The US government lending is currently soaring while private sector lending is stable or falling. This may be OK for several years; otherwise, we would have a depression on our hands. But by the government becoming the economy’s key borrower and lender, the ultimate question is when will it step away from this role? At some point the private sector must reassert itself. Otherwise, we run the risk of moving toward a more European form of capitalism. In the long run, I don’t think that would be good for a striving economy. This is the underlying issue that few observers want to talk about.

Wouldn’t the Treasury market ultimately act as a break on that shift by pushing up the cost of extraordinary federal borrowing?

Not necessarily since there appears to be incessant demand for US government bonds.

Describe your current investment strategy?

We rely on various outside managers, including hedge funds, buy-out specialists, and venture capitalists, to execute our broad strategies. We realized going into last year that it was going to be a difficult time. Because there is risk of not being able to withdraw money from hedge funds during difficult markets, we started to liquidate a significant portion of our long-only positions throughout 2008 to avoid our capital getting locked up.

Also at the beginning of 2008, we started to short the S&P 500 index. Going into the second half of the year, we largely eliminated our exposure to commodities. At the same time, believing UK economy was significantly slowing and that its interest rates would likely come down, we went long British gilts. And throughout the year, we were building up cash. Collectively, these moves helped us to end 2008 slightly on the upside.

So far in 2009, we are continuing to draw down our equity position. At the same time, we’re selectively adding high quality municipal and short-dated high-quality corporate bonds.

What are the most compelling opportunities looking forward?

Despite the troubles afflicting municipal finance, we continue to believe in high-quality municipals bonds when supported by adequate credit research.

I also believe with the right manager, there are opportunities going long distressed debt. I would like to find a proven manager running a new pool of money that’s targeting this asset class. I believe legacy funds will continued to be hamstrung by accurately valuing securities already in their portfolios because of the challenges of marking to market. Moreover, with credit ratings still likely to fall and further devaluing distressed debt, it would be wiser to start establishing positions when we are closer to the bottom of this crisis, when valuations once again become more transparent, and when the impact of future events will more likely to push values up rather than down.

Therefore, considering the way the credit cycle is moving, I think we would stand a much better chance of being successful in a new fund than in investing in a legacy fund.

How do you expect distressed debt to perform if you expect intermediate and long-term sovereign yields to rise with economic recovery?

As the global economy begins to recover, we do expect distressed debt yields to start to come down even while sovereign yields rise because distressed spreads have been blown way out of the norm. So we should actually see a convergence between the two benchmarks.

Are you currently in distressed debt?

Only indirectly through diversified money managers do we have small exposure in distressed debt. Nothing is currently in a distressed debt manager.

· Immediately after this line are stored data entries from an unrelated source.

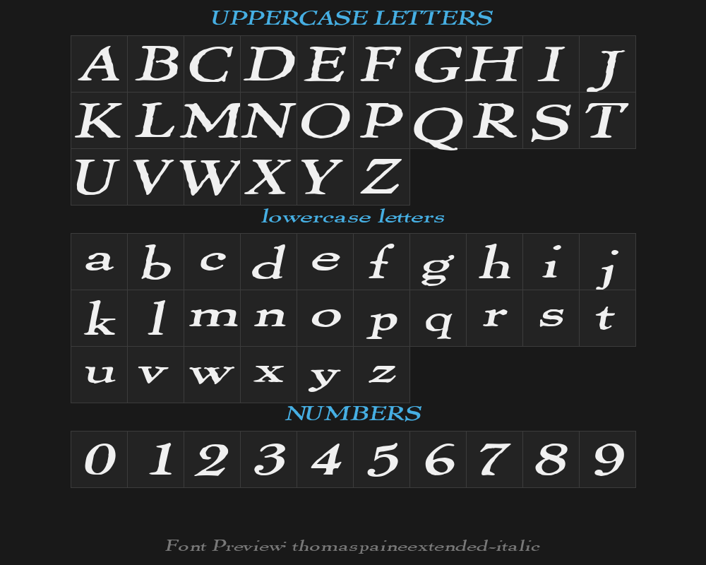 | PostScript name | ThomasPaineExtendedItalicSWFTE |
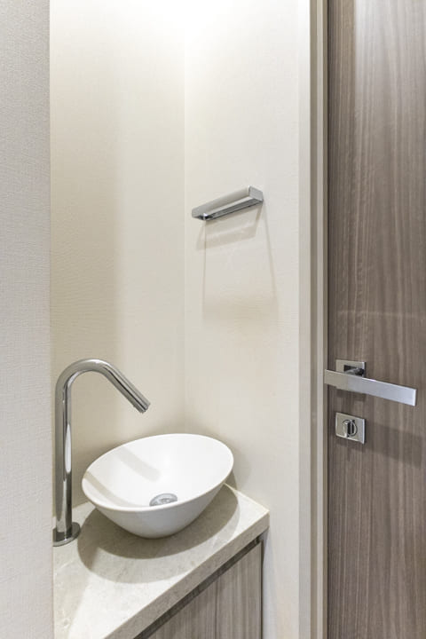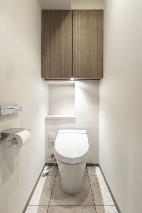 廊下に面していて独立性の高いレストルーム。LIXIL製の洗浄機能付トイレを採用しています。手洗いカウンター付きなのですぐに手を洗うことができて衛生的。収納力のある吊戸棚には、トイレットペーパーや掃除用品をすっきり収納できます。さらに、カウンターには小物やお花を置くことができ、インテリアの楽しみが広がりそうです。
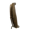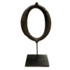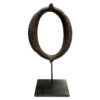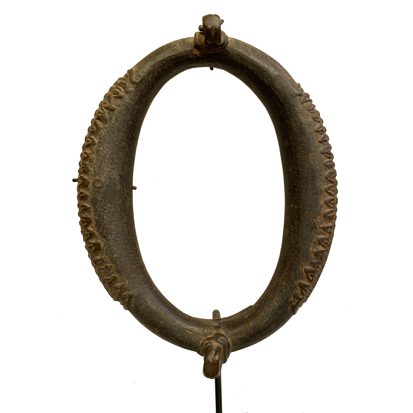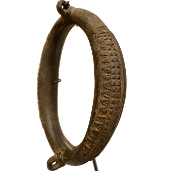 The anklet is a hollow bronze form with raised form that look like stitching, as if it were leather. Bronze casting of the finest forms has a very long tradition in India and Pakistan. The anklet was most likely used in dance or ceremony as it rattles when shaken- in a good way. This object is an art form; its beauty, that comes from simplicity and use. We custom made the stand.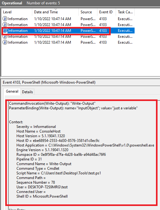 Module logs show how PowerShell commands/code are executed in PowerShell, capturing tons of useful information like variable initialization and other useful data not captured by any of the other logs. Module log data will be logged as each command is processed, creating individual events for each one.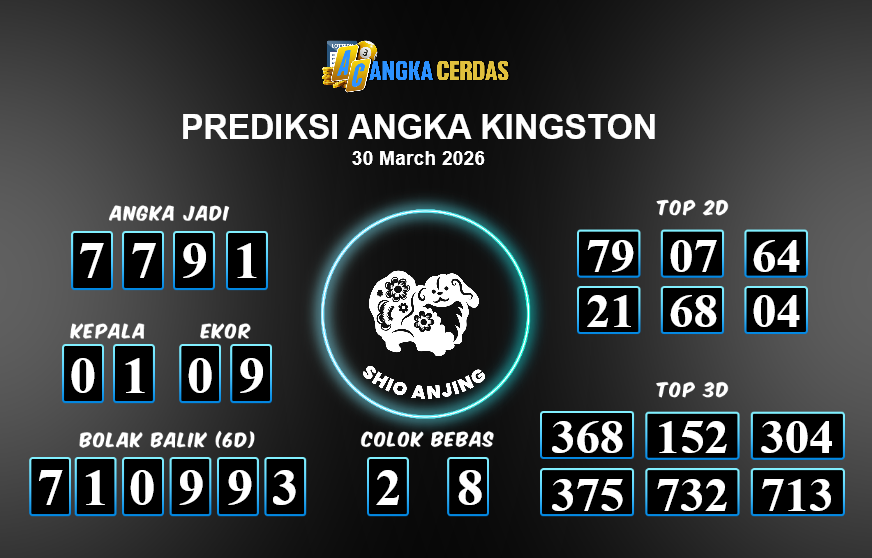 Prediksi Togel KINGSTON untuk hari ini Senin, 30 Maret 2026, adalah salah
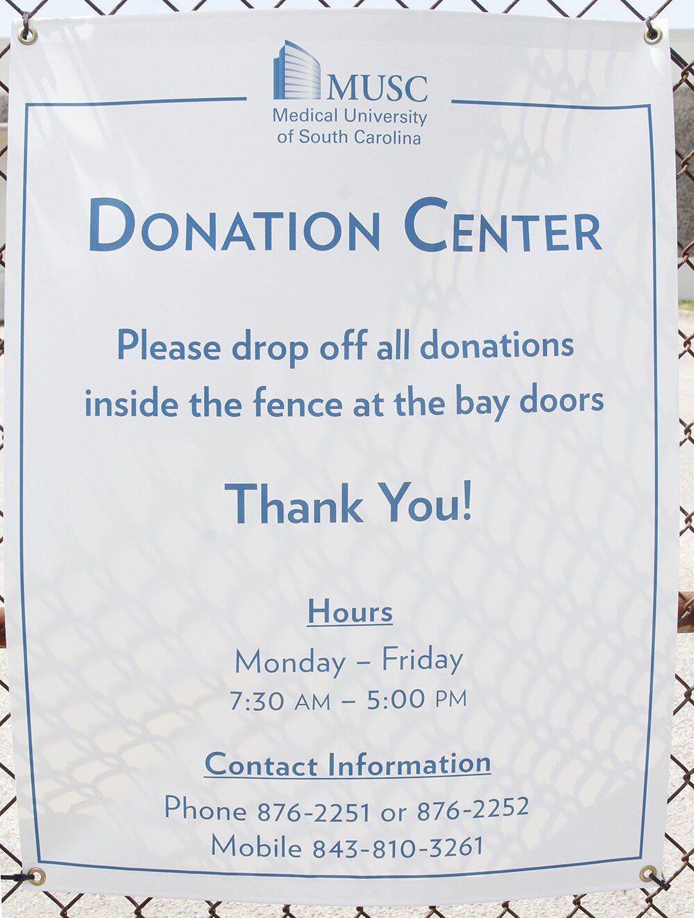The public can donate at the collection site located at 4295 Arco Lane in North Charleston. It’s open weekdays. You can find the complete list of general and pharmaceutical supplies needed on the COVID-19 donation information page. It’s important to note that MUSC Health has to verify certain types of supplies as sterile to able to use them.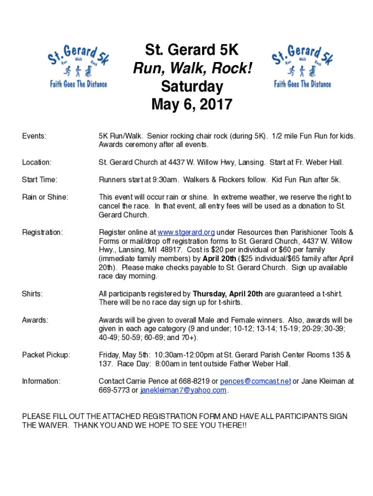 St. Gerard 5K Run, Walk, Rock! Saturday, May 6, 2017, Events:5K Run/Walk. Senior rocking chair rock (during 5K). 1/2 mile Fun Run for kids. Awards ceremony after all events. Location:St. Gerard Church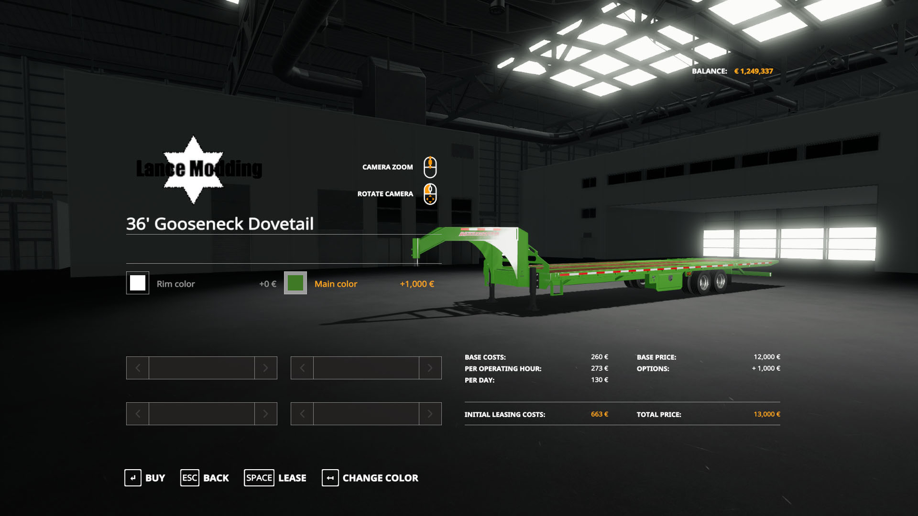 Mod Midsota 36 'Gooseneck Dovetail v1.0.0.0 for Farming Simulator 2019 Cost: 12,000 Manufacturer: Lance Combination: Truck Category: low loader semi-trailers Credits: Lance |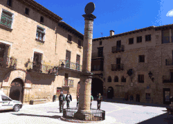 Lo más característico de la plaza es su magnífica columna central, originaria de 1584 y construida probablemente para un futuro edificio consistorial del que Cretas carecía en aquel momento por pertenecer administrativamente a Alcañiz. Dicha columna no estuvo siempre en la plaza, hasta bien entrado el siglo veinte estaba más allá de las murallas de la población, cerca de la capilla de San Roque. Sobre ella, el antiguo escudo de la población, con los signos que nos hablan de su larga historia. La cruz de la orden de Calatrava, fundadores cristianos de Cretas y señores de la misma hasta el siglo XV. El cordero pascual, símbolo eclesiástico posiblemente asociado al periodo de señorío del obispado de Tortosa, así como de las barras aragonesas que nos recuerdan su título de Vila real. En cuanto al escudo moderno tiene la misma simbología, pero la colocación es distinta, y pasa de ser circular a cuadrado. El resto de la plaza está formado por edificios nobles, de sillería, algunas existentes ya en el siglo XV y otras, como el actual ayuntamiento bastante más recientes en su construcción. Antiguos o modernos, todos forman el núcleo central de Cretas y son testimonio de su largo pasado histórico.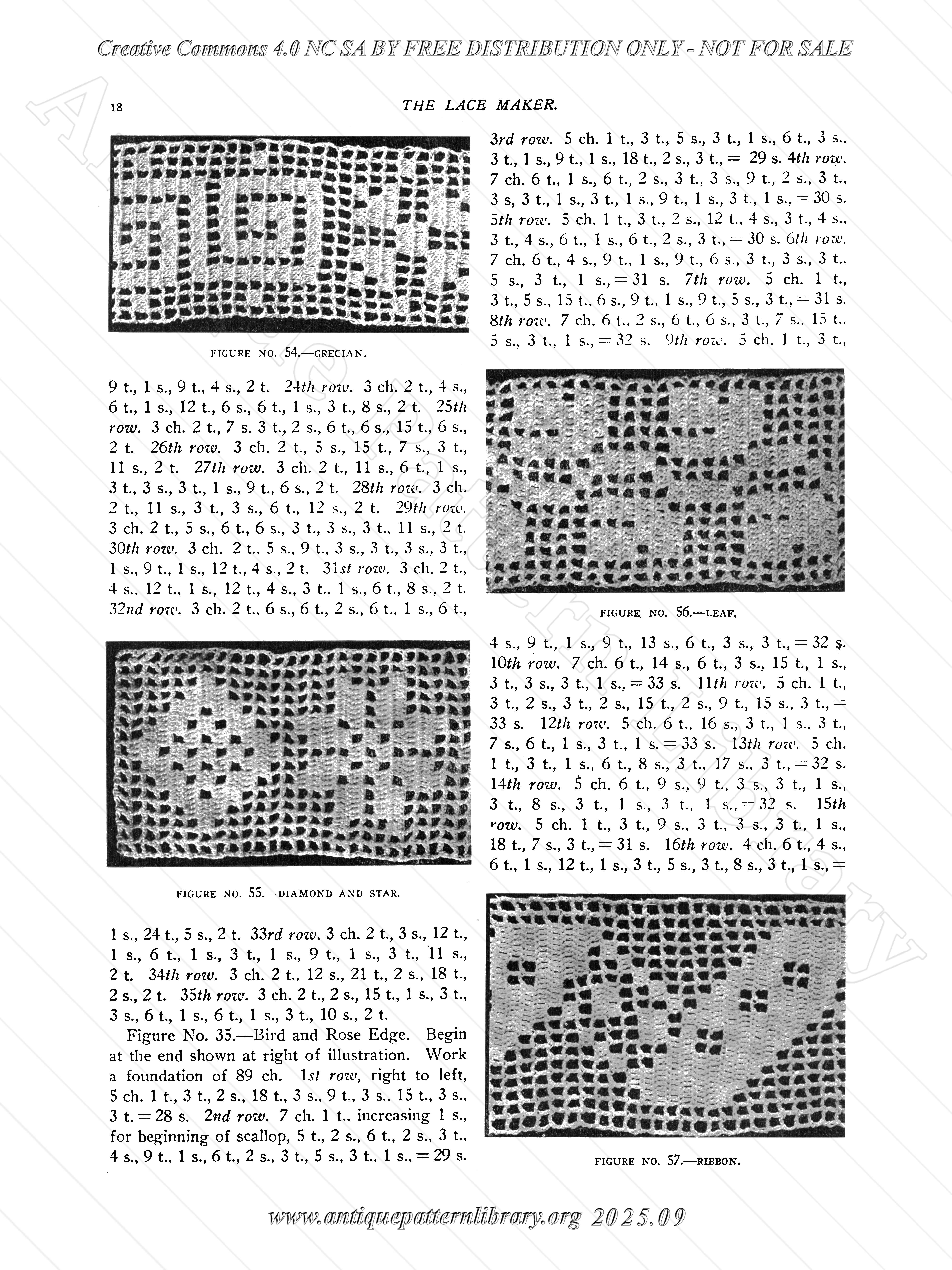 Introduction in Filet Crochet work, though not a basic how-to. Photographs of filet crochet work with the description of the patterns side by side. Mostly small motifs and narrow edgings, some corners and a few larger items. This publication dates from 1911, which is why not all patterns would be appropriate in modern publications.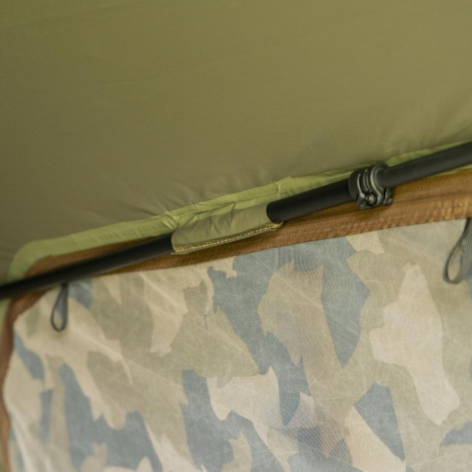 Panel je vybaven univerzálním předním panelem s pevnou výplní a velkými dveřmi s několika dvoucestnými zipy. Pro teplejší podmínky je k dispozici panel z moskitiéry proti hmyzu. Dvojité boční dveře disponují plnými i síťovanými panely, což umožňuje flexibilní vstup a maximální proudění vzduchu uvnitř přístřešku. Praktickým doplňkem jsou dva pásky na suchý zip určené pro bezpečné zafixování prutů.

Do you still rely on credit agency ratings for identifying municipal and corporate bond investments?

Only as a starting point. We still believe that a AAA-rated bond stands a far better chance of performing than a BBB-rated bond. But it helps to do one’s own due diligence
combined with common sense before investing in any particular issue.

Is buyout strategy still a part of your overall investment strategy?

We have a modest amount of money in buyout firms. Those managers are not yet fully invested. And frankly, I don’t know what the ultimate return on that money might be. It’s too hard to tell. They have a portfolio of companies which eventually have to be sold. That won’t occur so quickly, dependent on when the economic recovery really takes hold, which is not likely to be any time soon. I think it’s very difficult for buyout firms today to place an investment they have into the open market.

We will most likely have to wait for clear evidence of economic recovery before we see increased credit and liquidity necessary to promote private equity and buyout activity. And for that, it will take at least a year or two.

Do you expect the US dollar to retain its current strength?

I believe the dollar will remain stable for the foreseeable future because there isn’t a currency substitute. The yen doesn’t have the depth, and its geared to an insular home market. The euro is being hit by economic and political problems that’s preventing member governments from collectively addressing the crisis.

Extensive East European borrowing in euros will likely have a significant backlash on the western European economies and the euro, especially if local currency devaluation leads to significant defaults. This begs the question: who’s going to bailout Eastern Europe, not to mention the troubled economies of Italy and Spain.

Finally, Russia casts a pall over the continent via its control of energy. So there is really no reserve currency substitute for the dollar.

Any thoughts about gold?

I wish had clear thoughts about gold one way or another. But I don’t.

Is it too early to consider investing in any financial institutions?

For me it is because I don’t have a clear idea how to evaluate them at this time.

Are you concerned about Treasury market bubble?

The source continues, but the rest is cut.